* _Exercise objective_
Every line in the data below from the one containing "For sale here" down to the one containing "of shaped rectangular", both included, must be retyped exactly; no other line is to appear.

* _Data listing_
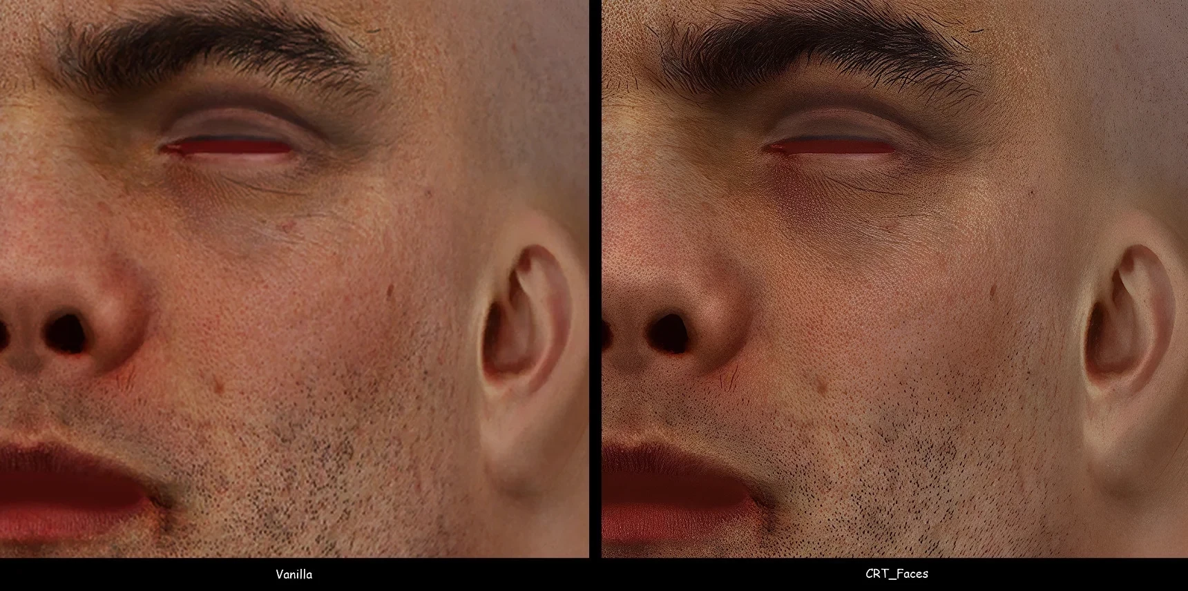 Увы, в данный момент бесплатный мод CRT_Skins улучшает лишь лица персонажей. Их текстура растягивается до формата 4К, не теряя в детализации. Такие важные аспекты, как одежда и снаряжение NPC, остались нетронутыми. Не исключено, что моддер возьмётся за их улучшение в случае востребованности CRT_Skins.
* * *
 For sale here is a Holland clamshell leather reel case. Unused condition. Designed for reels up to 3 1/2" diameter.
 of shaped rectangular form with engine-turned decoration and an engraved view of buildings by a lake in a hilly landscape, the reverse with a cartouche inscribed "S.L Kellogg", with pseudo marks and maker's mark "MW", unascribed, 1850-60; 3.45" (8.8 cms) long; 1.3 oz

* _Expected output_
 For sale here is a Holland clamshell leather reel case. Unused condition. Designed for reels up to 3 1/2" diameter.
 of shaped rectangular form with engine-turned decoration and an engraved view of buildings by a lake in a hilly landscape, the reverse with a cartouche inscribed "S.L Kellogg", with pseudo marks and maker's mark "MW", unascribed, 1850-60; 3.45" (8.8 cms) long; 1.3 oz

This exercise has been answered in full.